Exercise aim
Could you print the listing again exactly, omitting the pictures?

The data
*****
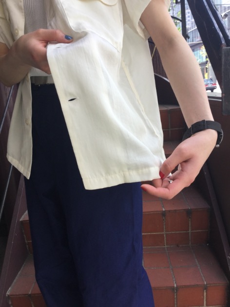 オープンカラーで、ダブルフラップポケットがメンズライクな印象ですが、
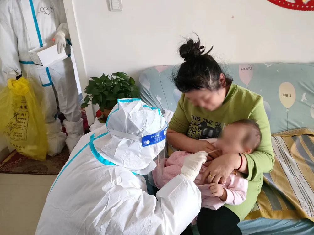 為確保所支援地區完成全員核酸檢測工作,志愿者自愿組隊,挨家挨戶上門通知,進行人員核對,對于處在隔離期的居民以及行動不便的老人、兒童采取了入戶核酸檢測。
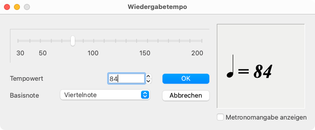 Tempowert-Textfeld passt du das mit der Metronomangabe verknüpfte Wiedergabetempo an. Die angezeigte Zahl steht für die
*****
Written solution
 オープンカラーで、ダブルフラップポケットがメンズライクな印象ですが、
 為確保所支援地區完成全員核酸檢測工作,志愿者自愿組隊,挨家挨戶上門通知,進行人員核對,對于處在隔離期的居民以及行動不便的老人、兒童采取了入戶核酸檢測。
 Tempowert-Textfeld passt du das mit der Metronomangabe verknüpfte Wiedergabetempo an. Die angezeigte Zahl steht für die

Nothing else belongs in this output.